Start the Kafka environment

In the SSH window, you will run the following commands to start all services in the correct order.

Run the following command to start the ZooKeeper service:

cd /opt/kafka/

sudo bin/zookeeper-server-start.sh config/zookeeper.properties

Open another SSH session

Start the Kafka broker service

Run the following command to first change your current path to the Kafka installation directory and start the Kafka broker service:

cd /opt/kafka/

sudo bin/kafka-server-start.sh config/server.properties

Once all services have successfully launched, you will have a basic Kafka environment running and ready to use.

Note: The Kafka application is now configured to use the connector.

Open another SSH session.

Task 2. Prepare the topics and the input data

You will now send some input data to a Kafka topic, which will be subsequently processed by a Kafka Streams application.

First change your current path to the Kafka installation directory:

cd /opt/kafka/

Now you'll need to create the input topic streams-plaintext-input.

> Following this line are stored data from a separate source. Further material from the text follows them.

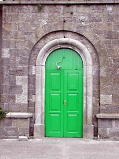 This former Catholic church is a fine and attractive building of considerable social and historic interest as the earliest remaining ecclesiastical centre for the Catholic population of the locality, built shortly before Catholic Emancipation in 1829 – the building continues to serve a community use as a hall-cum-theatre. Unsympathetically extended in the late twentieth century, the additional ranges could easily be removed to restore the original form of the composition. The former church is distinguished by a soaring entrance tower to the south-east, the Italianate style of which is unusual in the region, and which is in contrast with the Gothic appearance of the nave and transepts, suggesting that it was a later addition. The tower is finely detailed, in contrast to the reserved quality of the remainder of the piece, and uses yellow brick and cut-stone dressings to decorative effect – the cut-limestone doorcase is also an attractive feature and is a good example of the quality of stone masonry/craftsmanship practiced in the locality. Extensively renovated in the late twentieth century following a fire, the former church retains little of its original features and materials. The building is attractively set off the line of the road in its own grounds and is announced off the line of Chapel Street by a fine gateway of cut-limestone that is a good example of high quality stone masonry. Well-maintained, the gateway retains early cast-iron gates and railings. The former church is part of a self-contained group of Catholic-related structures, including the two former national schools that frame the entrance to the grounds to south-east (11810005, 57/KD-17-10-05, 57).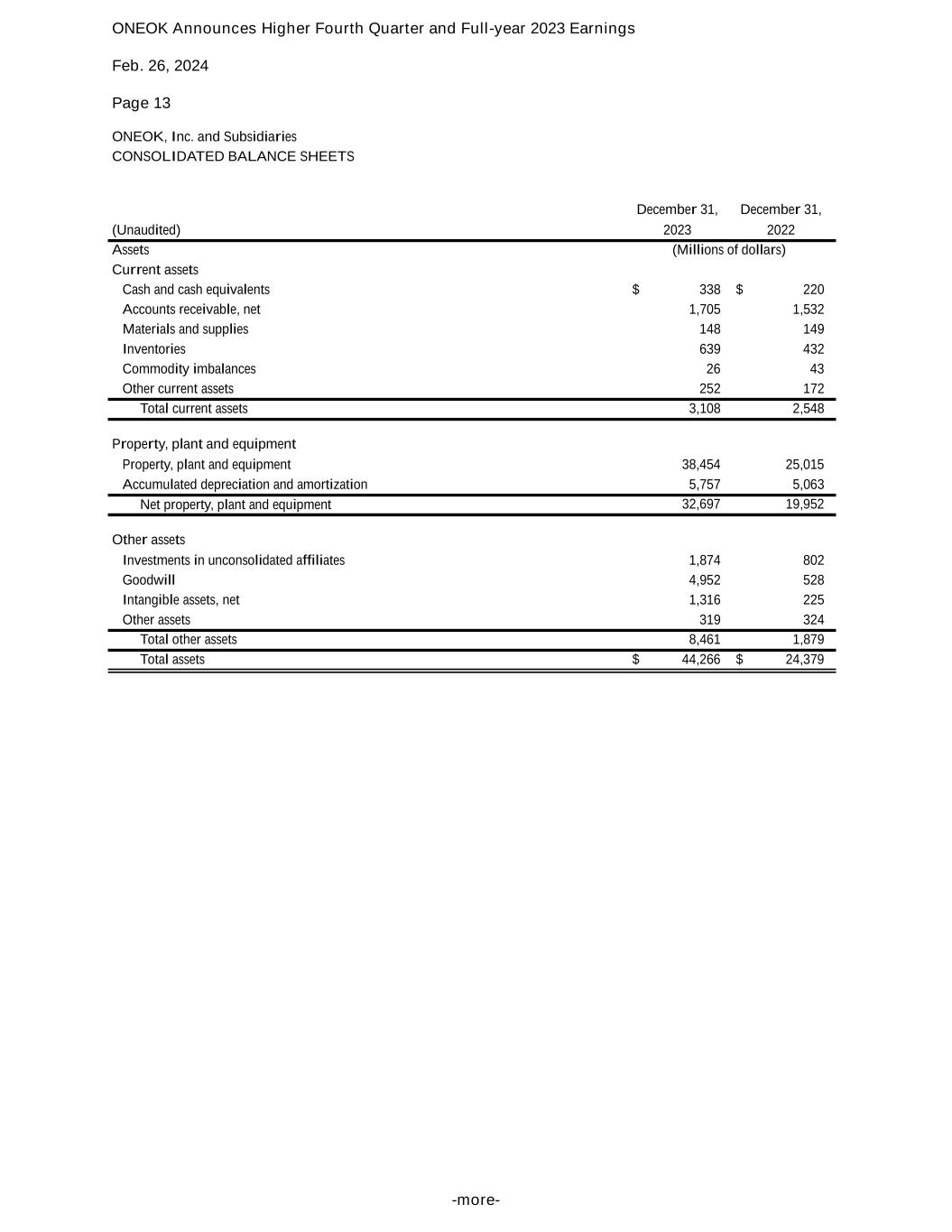 ONEOK Announces Higher Fourth Quarter and Full-year 2023 Earnings Feb. 26, 2024 Page 13 -more- ONEOK, Inc. and Subsidiaries CONSOLIDATED BALANCE SHEETS December 31, December 31, (Unaudited) 2023 2022 Assets (Millions of dollars) Current assets Cash and cash equivalents $ 338 $ 220 Accounts receivable, net 1,705 1,532 Materials and supplies 148 149 Inventories 639 432 Commodity imbalances 26 43 Other current assets 252 172 Total current assets 3,108 2,548 Property, plant and equipment Property, plant and equipment 38,454 25,015 Accumulated depreciation and amortization 5,757 5,063 Net property, plant and equipment 32,697 19,952 Other assets Investments in unconsolidated affiliates 1,874 802 Goodwill 4,952 528 Intangible assets, net 1,316 225 Other assets 319 324 Total other assets 8,461 1,879 Total assets $ 44,266 $ 24,379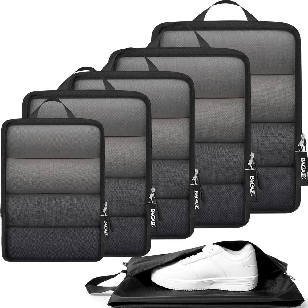 imageBAGAIL 6 Set Ultralight Compression Packing Cubes Packing Organizer for Travel Accessories Luggage Suitcase Backpack6Jet Black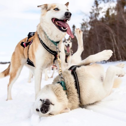 Auf dieser kurzen Safari in Muonio haben Sie das Gefühl, ein Musher auf einem Husky-Schlitten zu sein. Die Tour beginnt am Harriniva-Huskyhof, der mit über 400 Huskies eines der größten arktischen Schlittenhundezentren der Welt ist.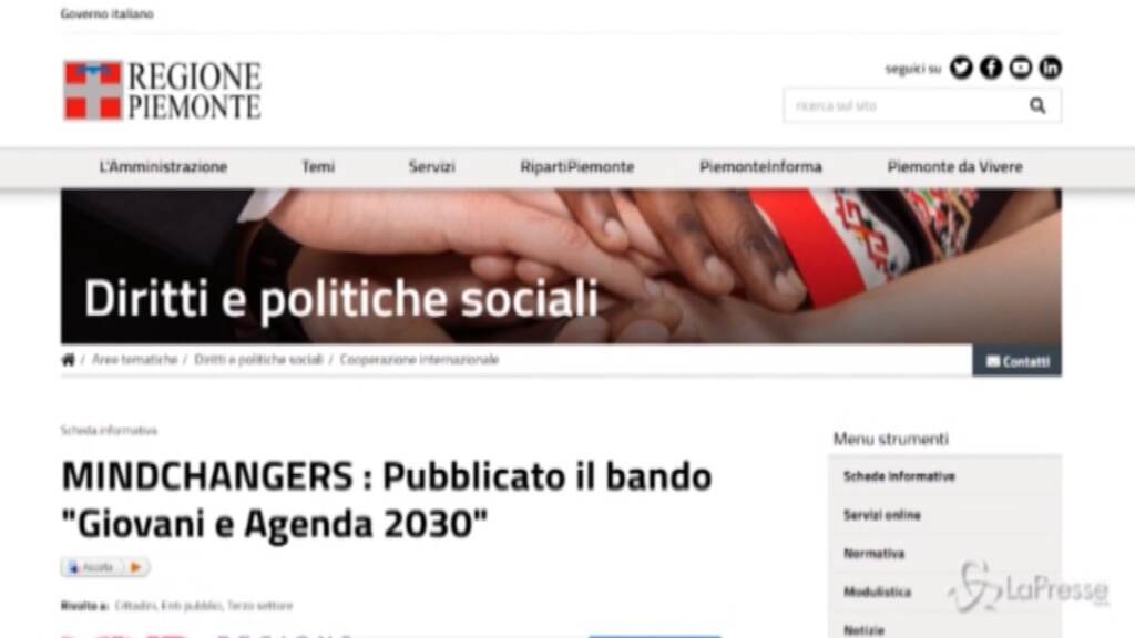 (LaPresse) Il Bando Giovani e Agenda 2030, nell’ambito del progetto europeo ‘Mindchangers: Regions and youth for Planet and People’, di cui la Regione Piemonte è capofila, intende rafforzare le strategie delle autorità locali e delle organizzazioni della società civile per raggiungere e coinvolgere i giovani sui temi dello sviluppo sostenibile e della cooperazione internazionale, ed in particolare sulle aree di interesse del cambiamento climatico e della migrazione. A presentarlo in videoconferenza stampa l’assessore regionale alla Cooperazione internazionale Maurizio Marrone. Il Bando ha una dotazione di 450mila euro ed è articolato in due lotti, ognuno da 225mila euro. Il promo lotto è rivolto alle azioni condotte da organizzazioni della società civile, il secondo a quelle portate avanti dalle autorità locali. La scadenza per la presentazione dei progetti è lunedì 19 luglio.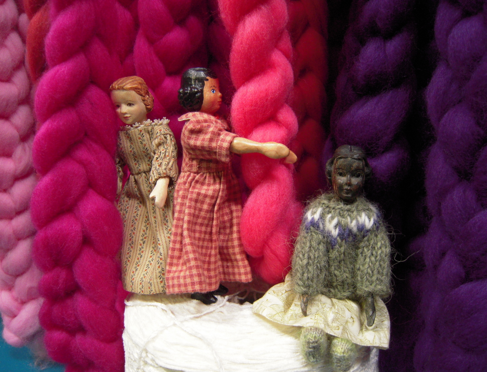 Three of the girls fondle the colourful corriedale roving.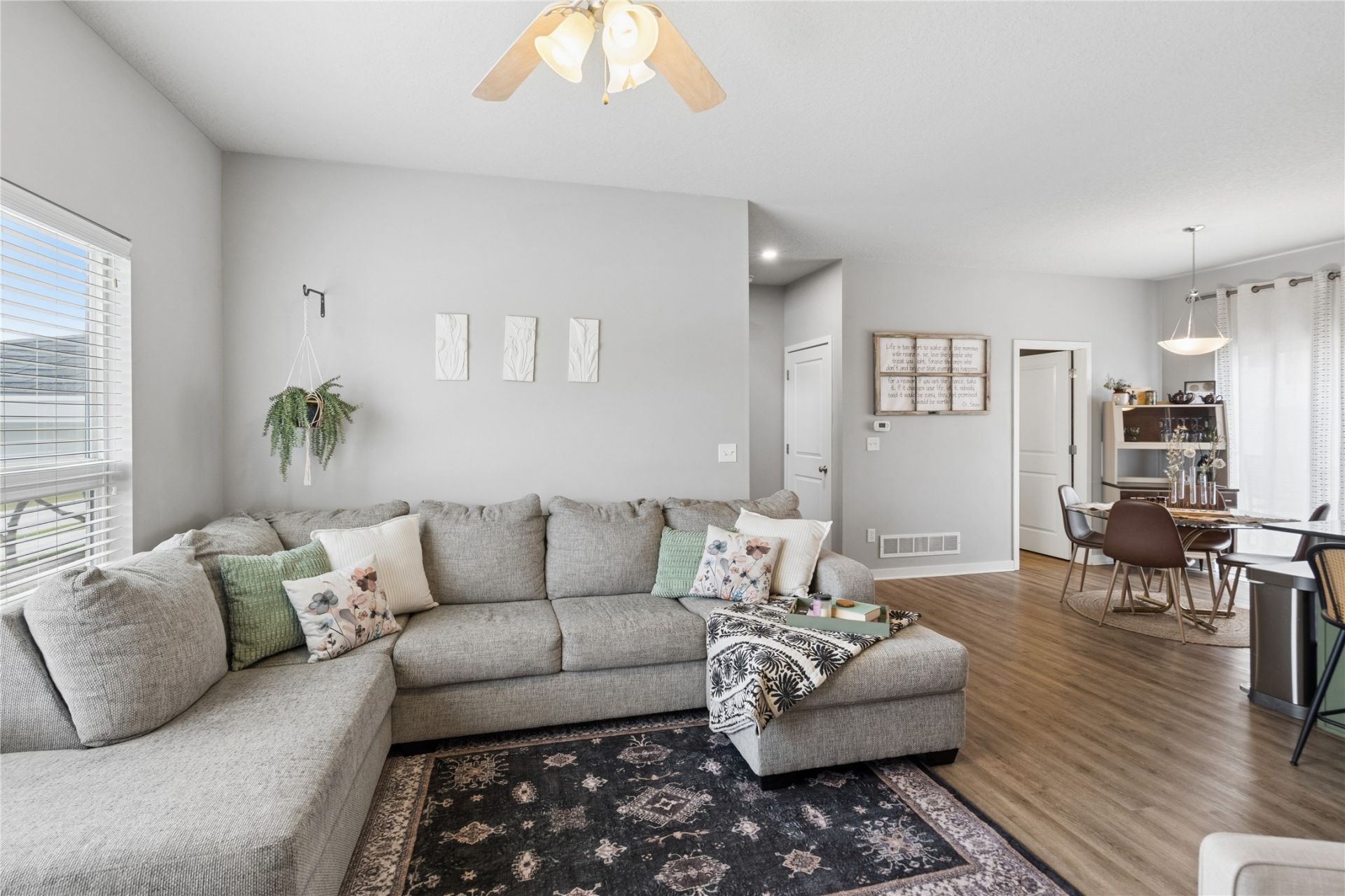 Move right in and enjoy low-maintenance living in this updated 2-story townhouse in a great Grimes location. Fresh paint, painted cabinets, updated backsplash, new LVP flooring, and a refreshed fireplace with new insert and shiplap give the main level a clean, modern feel. The open layout offers great natural light and easy flow to the dining area and kitchen, plus deck access for grilling or relaxing. Washer and dryer stay, and new window and patio door screens add to the move-in ready appeal. Upstairs features two spacious bedrooms with vaulted ceilings, each with a private bath, plus convenient laundry and new carpet on the stairs. HOA covers exterior, snow, and lawn care. Located along the bike trail with quick access to I-35/80 and close to new Grimes restaurants and shops, all on the edge of town with minimal traffic.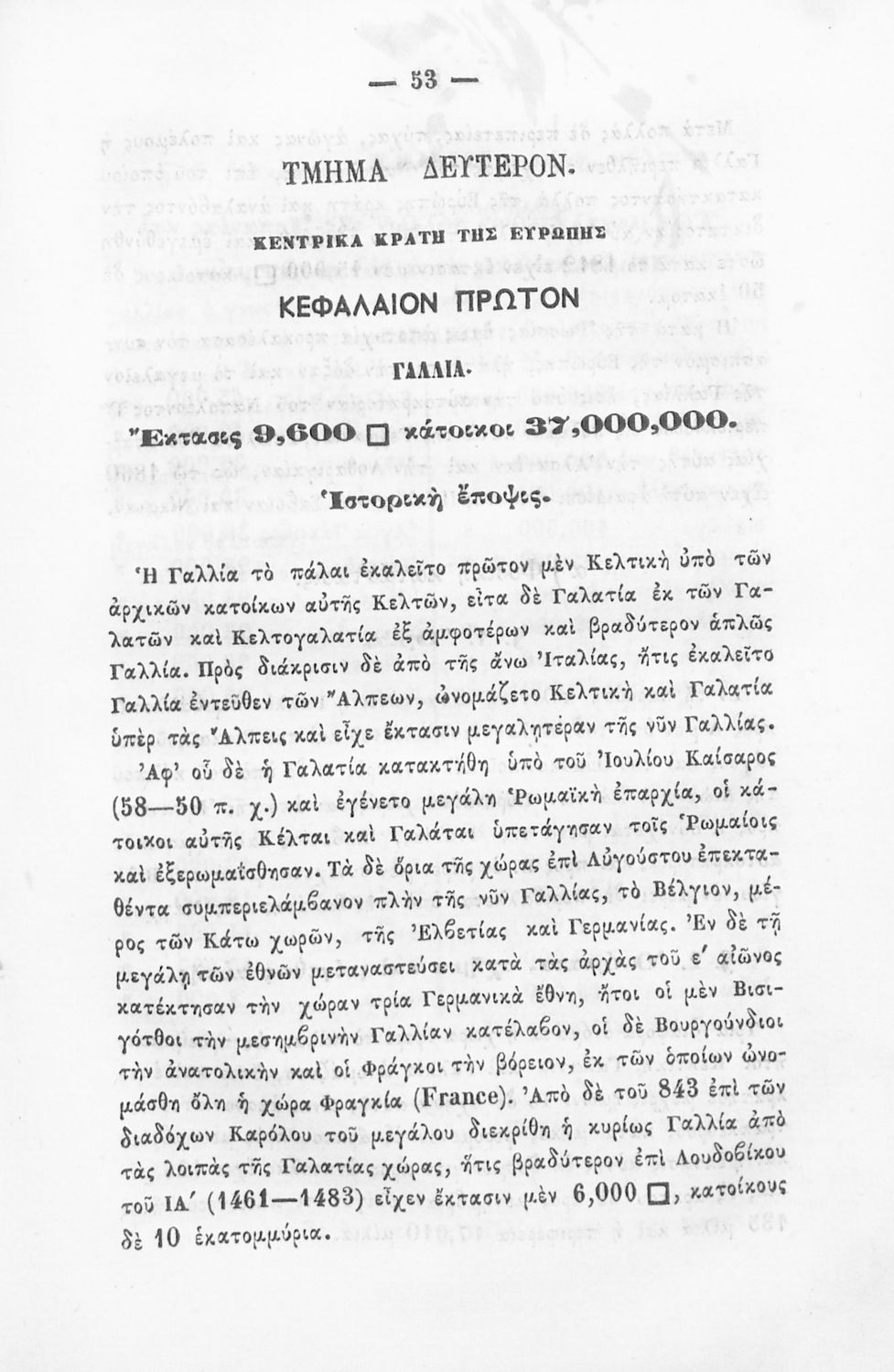 Τίτλος: Πολιτική γεωγραφία, προς χρήσιν των Ελληνικών Σχολείων και Παρθεναγωγείων, Μέρος δεύτερον, Τεύχος πρώτον, Γεωγραφία της Ευρώπης πλην της ελληνικής χερσονήσου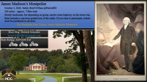 Saturday Oct 3rd, 2026 at 8:00am at Patriot Harley Davidson.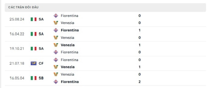 Thống kê có thể thấy được những lần gặp nhau giữa Venezia và Fiorentina trước đây cũng không có sự chênh lệch với nhau, thật vậy khi mà tổng cộng 6 lần gặp nhau trước đây của hai đội thì mỗi bên đã có được cho mình 2 trận thắng kèo châu Âu và 2 trận hoà. Trên sân nhà của mình ở mùa giải thì Venezia cũng có tới 4 trận thắng và 5 trận hoà theo kèo châu Âu cho thấy được những lợi thế đáng kể của họ trước đối thủ, bởi vậy mà khả năng bất phần thắng bại ở lần gặp nhau sắp tới cũng là điều khả quan với họ.
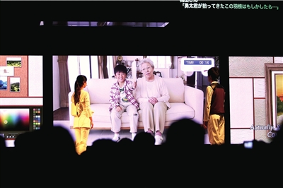 在日本館可打視頻電話的大屏幕前,主持人正在現(xiàn)場視頻對話遠在未來日本的朋友
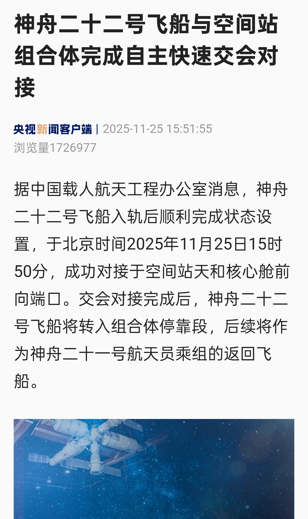 神舟二十二号飞船于2025年9月出厂后,在酒 泉卫星发射中心完成了总装和测试工作

In the same SSH window, execute the following command:

sudo bin/kafka-topics.sh --create \

--bootstrap-server localhost:9092 \

--replication-factor 1 \

--partitions 1 \

--topic streams-plaintext-input

Next, create the output topic streams-wordcount-output:

sudo bin/kafka-topics.sh --create \

--bootstrap-server localhost:9092 \

--replication-factor 1 \

--partitions 1 \

--topic streams-wordcount-output

Task 3. Process the input data with Kafka streams

Now that you have generated some input data, you can run your first Kafka Streams based Java application.

You will run the WordCount demo application, which is included in Kafka. It implements the WordCount algorithm, which computes a word occurrence histogram from an input text.

However, unlike other WordCount examples you might have seen before that operate on finite, bounded data, the WordCount demo application behaves slightly differently because it is designed to operate on an infinite, unbounded stream of input data.

Similar to the bounded variant, it is a stateful algorithm that tracks and updates the counts of words. However, since it must assume potentially unbounded input data, it will periodically output its current state and results while continuing to process more data because it cannot know when it has processed "all" the input data.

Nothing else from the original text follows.